Categories: BI & Warehousing

Changes in BI Server Cache Behaviour in OBIEE 12c : OBIS_REFRESH_CACHE

Tue, 2016-05-31 10:36

The OBIEE BI Server cache can be a great way of providing a performance boost to response times for end users – so long as it’s implemented carefully. Done wrong, and you’re papering over the cracks and heading for doom; done right, and it’s the ‘icing on the cake’. You can read more about how to use it properly here, and watch a video I did about it here. In this article we’ll see how the BI Server cache has changed in OBIEE 12c in a way that could prove somewhat perplexing to developers used to OBIEE 11g.

The BI Server cache works by inspecting queries as they are sent to the BI Server, and deciding if an existing cache entry can be used to provide the data. This can include direct hits (i.e. the same query being run again), or more advanced cases, where a subset or aggregation of an existing cache entry could be used. If a cache entry is used then a trip to the database is avoided and response times will typically be better – particularly if more than one database query would have been involved, or lots of additional post-processing on the BI Server.

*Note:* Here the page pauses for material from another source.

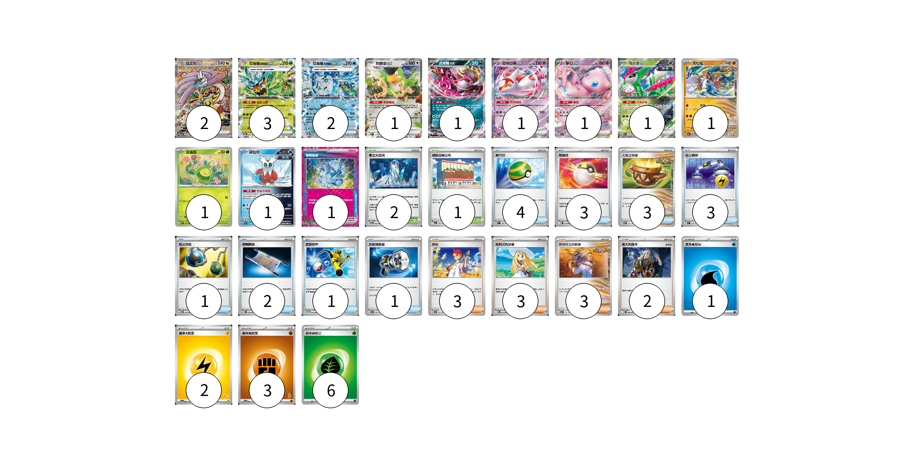牌組構築方案 以此牌組為基礎新構築牌組 顯示卡面 顯示列表 寶可夢卡(15) 2 3 2 1 1 1 1 1 1 1 1 寶可夢道具(1) 1 物品卡(18) 4 3 3 3 1 2 1 1 支援者卡(11) 3 3 3 2 競技場卡(3) 2 1 能量卡(12) 1 2 3 6 寶可夢卡(15) 卡牌名稱 張數 卡牌名稱 張數 猛雷鼓ex SV8a 222/187 02 厄鬼椪 碧草面具ex SV6 016/101 03 厄鬼椪 水井面具ex SV6 038/101 02 怒鸚哥ex SV2P 065/071 01 吉雉雞ex SV6a 038/064 01 拉帝亞斯ex SV7a 019/064 01 夢幻ex SV2a 151/165 01 鐵斑葉ex SV5M 016/071 01 爬地翅 SV4K 041/066 01 含羞苞 SV8a 001/187 01 鐵包袱 SV8a 047/187 01 寶可夢道具(1) 卡牌名稱 張數 卡牌名稱 張數 璀璨結晶 SV7 094/102 01 物品卡(18) 卡牌名稱 張數 卡牌名稱 張數 巢穴球 SVM 133/175 04 高級球 MBD 014/022 03 大地之容器 SV8a 143/187 03 能量轉移 SVM 127/175 03 能量回收 SVQL 012/022 01 夜間擔架 MBD 016/022 02 厲害釣竿 SVOD 010/020 01 反擊捕捉器 SV8a 139/187 01 支援者卡(11) 卡牌名稱 張數 卡牌名稱 張數 赤松 SV8a 163/187 03 莉莉艾的決意 MBD 021/022 03 奧琳博士的氣魄 SV8a 167/187 03 老大的指令 MBD 020/022 02 競技場卡(3) 卡牌名稱 張數 卡牌名稱 張數 零之大空洞 SV7 102/102 02 城鎮百貨公司 SV3 107/108 01 能量卡(12) 卡牌名稱 張數 卡牌名稱 張數 基本【水】能量 SVF WAT 01 基本【雷】能量 SVI LIG 02 基本【鬥】能量 SVI FIG 03 基本【草】能量 SVTM GRA 06 以此牌組為基礎新構築牌組 牌組編碼 lwLvxB-suREAt-JRiBhK copy 列印牌組單 牌組編碼已複製 分享至SNS

When an analysis or dashboard is run, Presentation Services generates the necessary Logical SQL to return the data needed, and sends this to the BI Server. It’s at this point that the cache will, or won’t, kick in. The BI Server will accept Logical SQL from other sources than Presentation Services – in fact, any JDBC or ODBC client. This is useful as it enables us to validate behaviour that we’re observing and see how it can apply elsewhere.

When you build an Analysis in OBIEE 11g (and before), the cache will be used if applicable. Each time you add a column, or hit refresh, you’ll get an entry back from the cache if one exists. This has benefits – speed – but disadvantages too. When the data in the database changes, you will still get a cache hit, regardless. The only way to force OBIEE to show you the latest version of the data is to purge the cache first. You can target cache purges based on databases, tables, or even specific queries – but you do need to purge it.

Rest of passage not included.